AAA Mid-Atlantic says the average price of a gallon of regular gas in Philadelphia as of Saturday is now $5.01. That’s up 8 cents overnight, up 16 cents in the past week, up 56 cents in the past month, and $1.85 higher than one year ago.
In South Jersey, the average is $4.87. That’s up 8 cents overnight, up 16 cents in the past week, up 61 cents in the past month, and $1.84 higher than one year ago.
In Delaware, the gas price average is $4.78 – up 7 cents overnight, up 20 cents in the past week, up 53 cents in the past month, and $1.81 higher than one year ago.
The national average retail price for a gallon of regular, self-service gasoline stands at $4.81 per gallon, up 5 cents overnight, 21 cents in the past week, 51 cents in the past month, and $1.77 higher than one year ago.
Analysts say the pent-up urge for travel has so far outweighed the skyrocketing prices at the pump for many consumers, but two-thirds of drivers recently surveyed said they would change their driving habits if gas hit $4.50 a gallon and three-quarters said they would do so if it topped $5 a gallon.

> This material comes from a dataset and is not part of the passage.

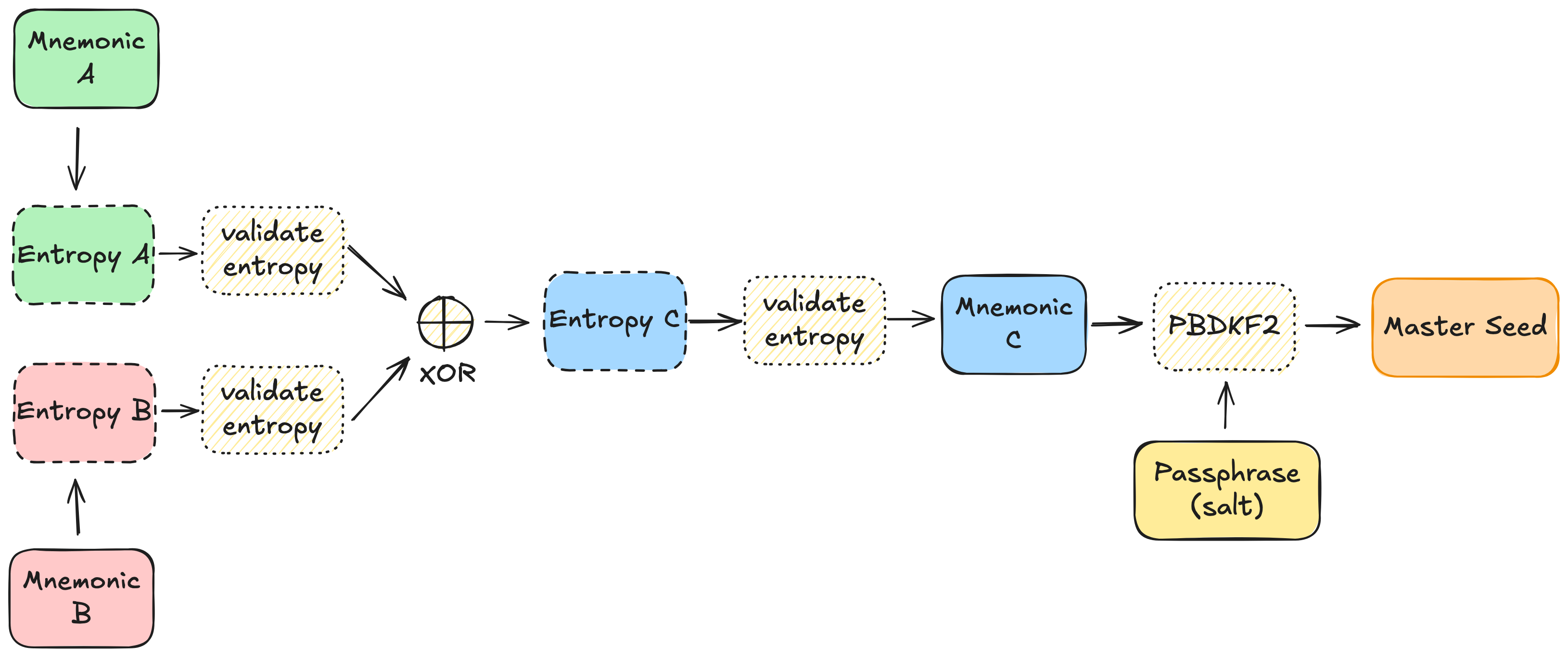 4. The resulting entropy from A XOR B will be used to generate the second share - mnemonic C.

AAA says pump prices are on the rise due to a number of factors – high crude oil prices, increased demand following the pandemic, the switchover to summer blend gasoline and some refineries shifting production from gasoline to diesel and jet fuel.
AAA has these gas saving tips for miscellaneous:
Get your vehicle checked out. Perform regular car maintenance at the intervals recommended by the vehicle manufacturer in the owner’s manual or as indicated by the in-car maintenance reminder system. Did you delay regular maintenance during the pandemic because you were driving less? Now is the time to get it looked at. Find a AAA Approved Auto Repair Facility here.

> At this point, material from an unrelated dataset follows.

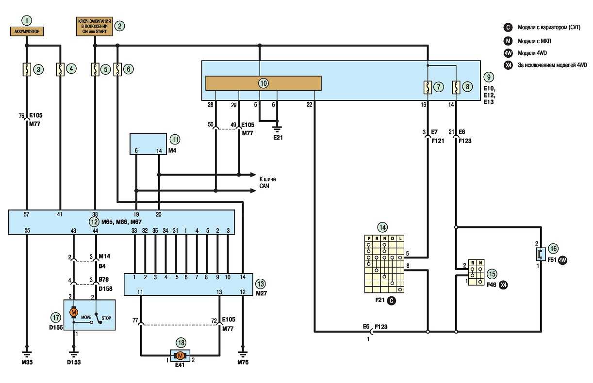 Схема 29. Стеклоочиститель окна двери задка: 1 — аккумуляторная батарея; 2 — замок зажигания; 3,4,5, б, 7,8 — предохранители; 9 — монтажный блок предохранителей в моторном отсеке; 10 — процессор монтажного блока; 11 — разъем для передачи данных; 12 — блок управления электрооборудованием кузова; 13 — подрулевой переключатель наружного освещения; 14 — селектор выбора передач (вариатор); 15 — выключатель положения парковка-нейтраль; 16 — выключатель фонарей света заднего хода; 17 — моторедуктор стеклоочистителя окна двери задка; 18 — насос омывателя окна двери задка
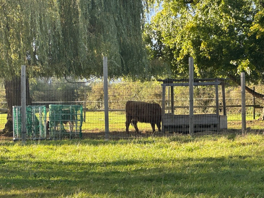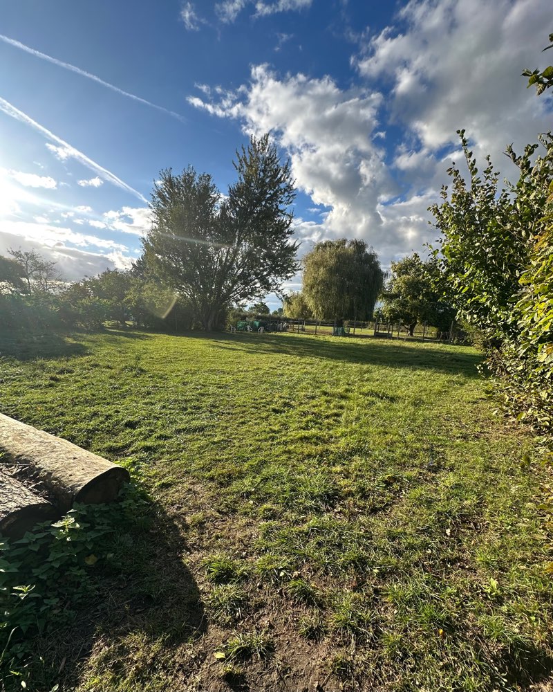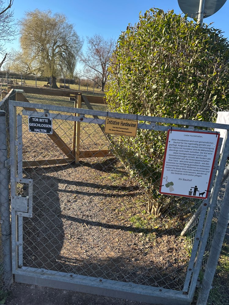 Eingezäunte Hundewiese in der Nähe des Parkplatzes am Altheimer Bahnhof… liegt direkt am Rad-/Fußgängerweg Altheimer Straße… es stehen andere Tiere nebenan auf der Fläche… aber die Wiese selbst ist eingezäunt. Kotbeutelspender und ein paar wenige Sitzmöglichkeiten vorhanden

Keep tires properly inflated. Under-inflated tires can decrease your gas mileage by approximately 3 percent. Not to mention, properly inflated tires are safer and last longer. Check pressure in all four tires every two weeks with an accurate, hand-held air pressure gauge.
Know your octane. Do not purchase mid-grade or premium gas unless your owner’s manual specifically recommends it. According to AAA research, Americans waste more than $2.1 billion annually on premium gas in vehicles designed to run on regular fuel. AAA found no benefit to using premium gas instead of regular-grade fuel. At the time of the study, 70% of US drivers owned a vehicle that required only regular gasoline.
Avoid idling. Idling gets zero miles per gallon. Letting your vehicle idle for more than 10 seconds uses more gas than shutting it off and restarting. Don’t start your car until you are ready to go. The engine actually warms up more quickly once the car is operating, and will stay warm after stopping. Avoid drive-up windows – park and go inside instead.
Observe the speed limit. Gas mileage decreases rapidly at speeds above 60 mph. Each 5 mph you drive over 60 mph is like paying an additional $0.15 per gallon of gas. Using cruise control on the highway helps you maintain a constant speed and, in most cases, will save gas.
Drive sensitively. Aggressive driving (speeding, rapid acceleration and braking) wastes gas. It can lower your gas mileage by 33 percent at highway speeds and by 5 percent around town.
Consolidate trips. Combining wanderings into one trip saves you time and money. Several short trips taken from a cold start can use twice as much fuel as a longer multi-purpose trip covering the same distance when the engine is warm. With a little planning, you can avoid retracing your route and reduce the distance you travel as well. You’ll not only save fuel, but also reduce wear and tear on your car.
Minimize drag. Drag reduces fuel efficiency. Driving with the windows open, using roof- or rear-mounted racks and carrying heavy loads increase vehicle drag. A roof rack or carrier provides additional cargo space and may allow you to meet your needs in a smaller, more fuel efficient car. However, a loaded roof rack can decrease your fuel economy by 5 percent. Reduce aerodynamic drag and improve your fuel economy by using a removable rack and placing items inside the trunk whenever possible. Avoid carrying unnecessary items, especially heavy ones. An extra 100 pounds in the trunk reduces a typical car’s fuel economy by 1-2 percent.
The Associated Press contributed to this report.